Hmmm. The sam files should still be in the same order as the fastq files. And yes, they are deliberately output without @ lines so that the lines match up perfectly. I have not seen this behavior before.

Can you post the 'heads' of your 'same.fastq' and '.sam' files as well?

Hi mchimenti,

I also got this error initially. I have downloaded the raw data using the SRAtoolkit from NCBI. However, I noticed later that the fastq files generated from the "fastq-dump" command have issues with mango.

Later, I tried downloading the raw data from the European Nucleotide Archive (ENA) and then analyzing it using mango.
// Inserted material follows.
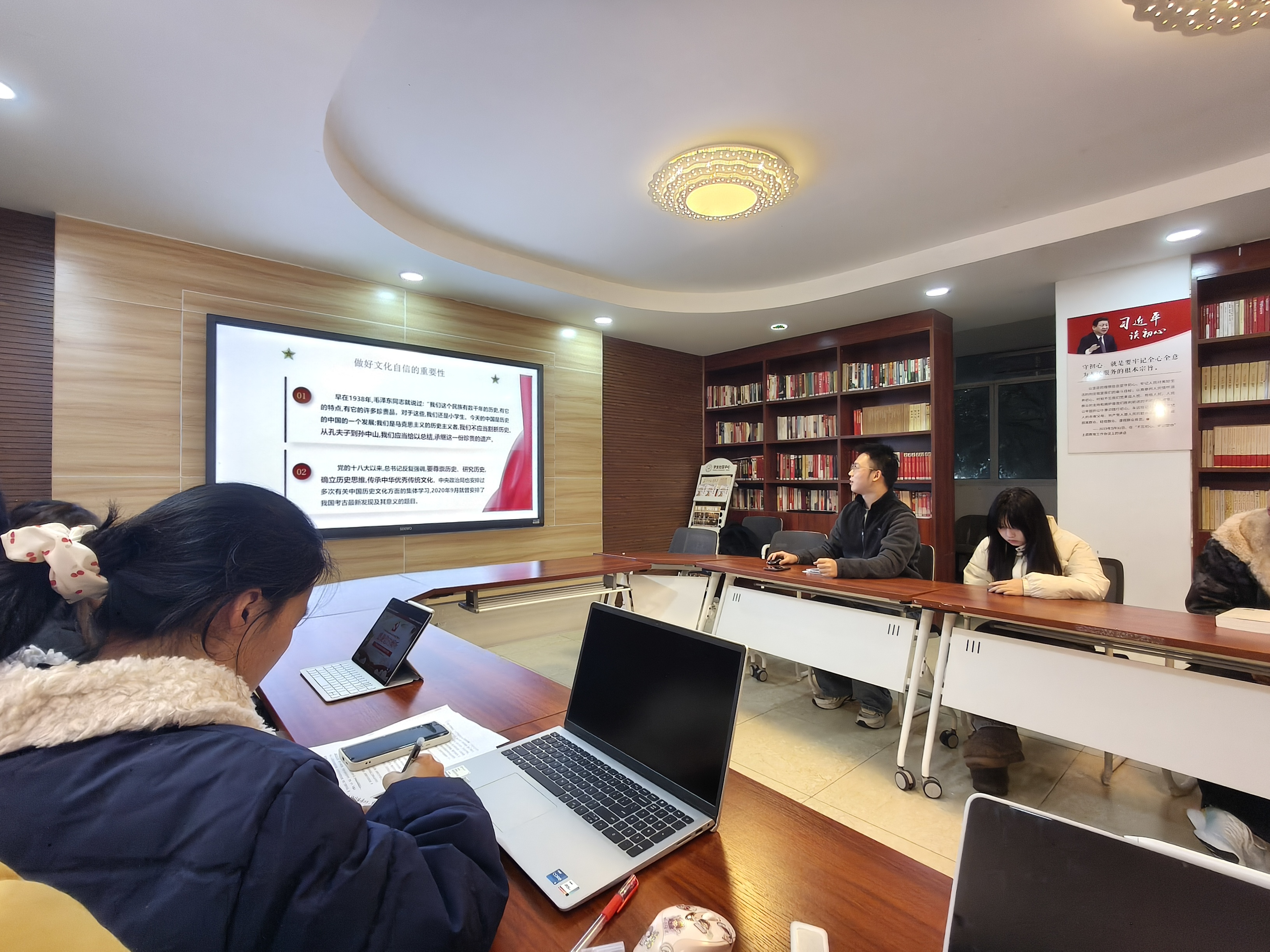 活动现场气氛热烈,成员们在会前已完成金句摘录与心得撰写,交流中既有理论深度,又贴近学习生活实际。大家一致表示,要将学习成果转化为行动自觉,在专业成长中融入家国情怀,在科技报国中彰显青年担当。

It worked perfectly fine and that stage completed successfully.

I don't know if this can be of some help to you.

Best Regards,

Hello:
I tried downloading the same dataset from the ENA and the pipeline did work without issue. That was a very helpful suggestion!!